Helicases DDX5 and DDX17 promote heterogeneity in HBV transcription termination in infected human hepatocytes

J Hepatol. 2024 May 21:S0168-8278(24)00351-9. doi: 10.1016/j.jhep.2024.05.016. Online ahead of print.

Abstract

Background & aims: Transcription termination fine tunes gene expression and contributes to specify the function of RNAs in eukaryotic cells. Transcription termination of hepatitis B virus (HBV) is subjected to the recognition of the canonical polyadenylation signal (cPAS) common to all viral transcripts. The regulation of the usage of this cPAS and its impact on viral gene expression and replication is currently unknown.

Approach & results: To unravel the regulation of HBV transcript termination, we implemented a 3' RACE-PCR assay coupled to single molecule sequencing both in in vitro infected hepatocytes and in chronically infected patients. The detection of a previously unidentified transcriptional readthrough indicated that the cPAS was not systematically recognized during HBV replication in vitro and in vivo. Gene expression downregulation experiments demonstrated a role for the RNA helicases DDX5 and DDX17 in promoting viral transcriptional readthrough, which was, in turn, associated to HBV RNA destabilization and decreased HBx protein expression. RNA and chromatin immunoprecipitation, together with mutation of cPAS sequence, suggested a direct role of DDX5 and DDX17 in functionally linking cPAS recognition to transcriptional readthrough, HBV RNA stability and replication.

Conclusions: Our findings identify DDX5 and DDX17 as crucial determinants for HBV transcriptional fidelity and as host restriction factors for HBV replication.

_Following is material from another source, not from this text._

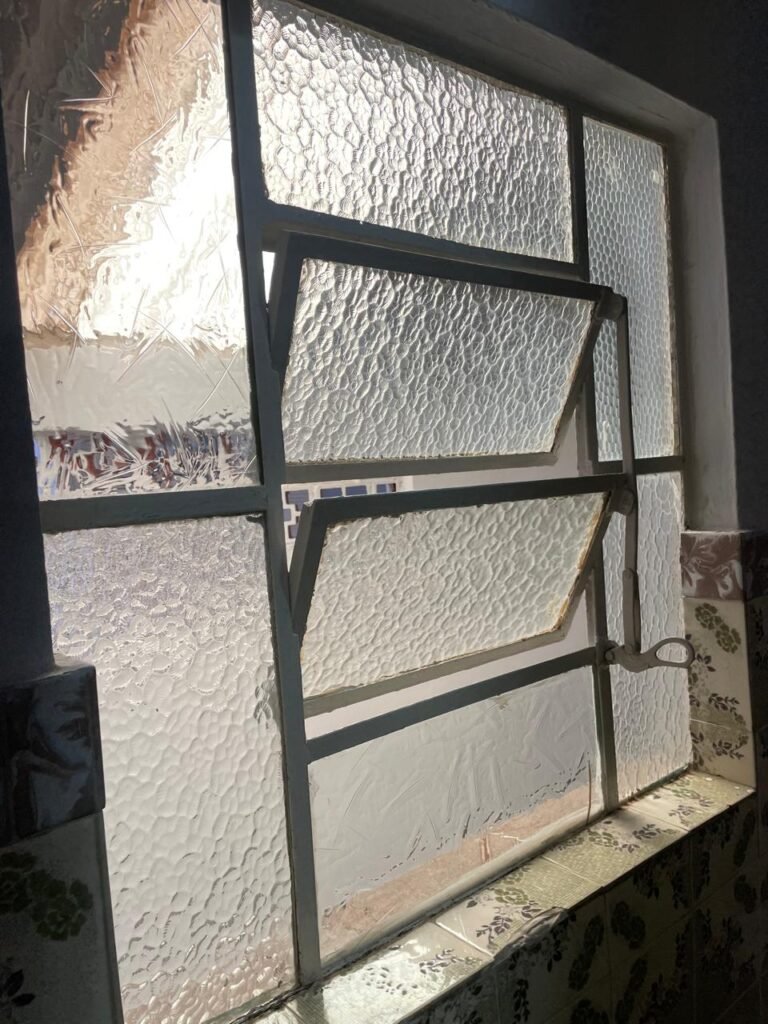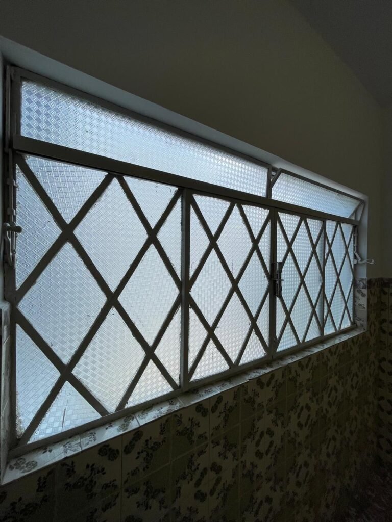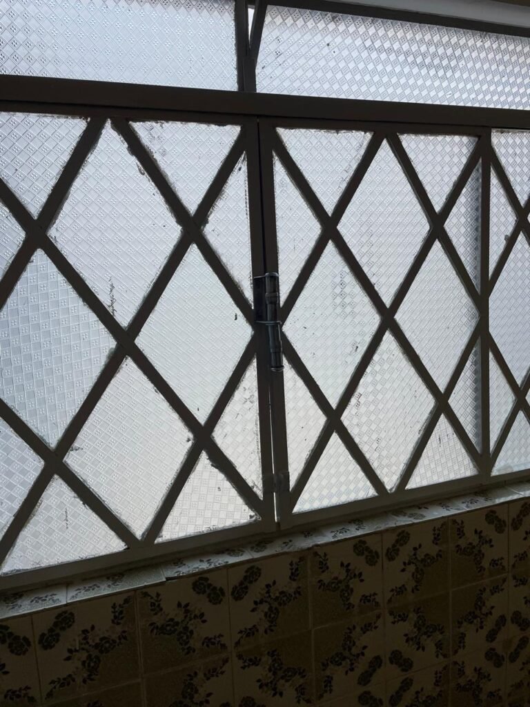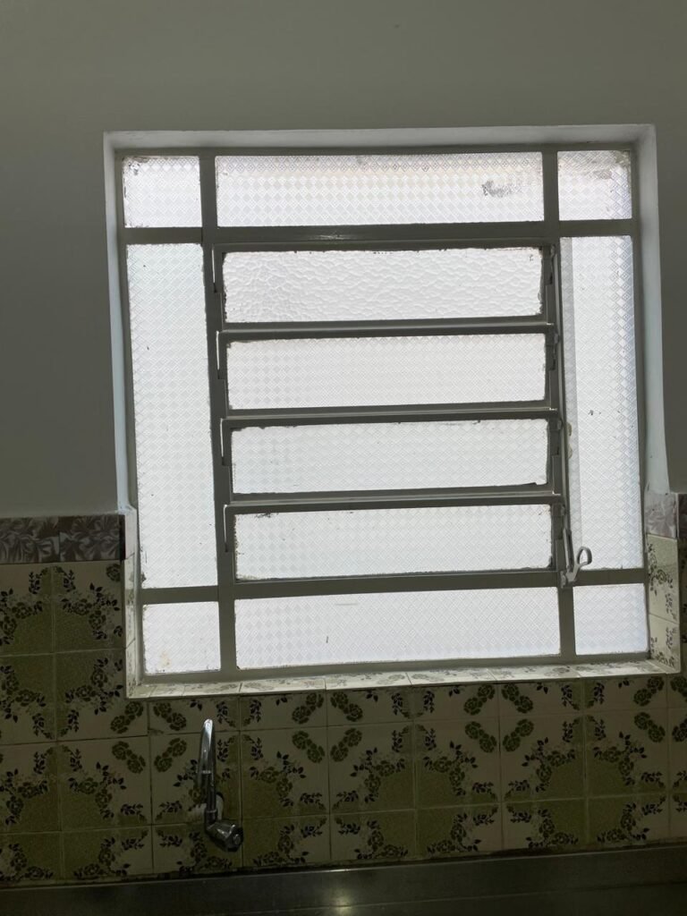 SALA DE JANTAR-: Pisos e rodapés revestidos de frio cerâmico com desenhos e com desgastes naturais e trincados pela extensão, paredes 1/2 revestidas de piso frio cerâmico com desenhos na cor verde, desgaste natural e trincados pela extensão, restante paredes e teto com pintura na cor branco neve nova em ordem, 03 espelhos de luz sendo eles, 01 espelho com 01 interruptor, 01 espelho com 01 interruptor e 01 tomada, 01 espelho com 01 tomada, 01 para fio de dados, 01 interruptor de campainha em ordem, 01 lâmpada com Led em ordem, 01 janela deslizante com 02 vidros basculantes, com esquadrias de ferro com pintura na cor branco nova em ordem, com 04 folhas com 12 vidros personalizados com manchas de tinta e restante em ordem, com 02 vidros personalizados dos litros em ordem, com 02 fechaduras emperradas, 01 fechadura em inox enroscando.

Impact and implications: Hepatitis B virus (HBV) covalently closed circular (ccc)DNA degradation or functional inactivation remains the holy grail to be attained to achieve HBV cure. Transcriptional fidelity is a cornerstone in gene expression regulation. Here, we demonstrate that two helicases, DDX5 and DDX17, inhibit the recognition of HBV polyadenylation signal and transcriptional termination, thus decreasing HBV RNA stability and acting as restriction factors for efficient cccDNA transcription and viral replication. The observation that DDX5 and DDX17 are downregulated in HBV chronically infected patients suggests a role for the helicases in HBV persistence in vivo. These results open new perspectives for researchers aiming at identifying new targets to neutralise cccDNA transcription.

Keywords: HBV; RNA helicases; RNA polyadenylation; RNA stability; transcription termination.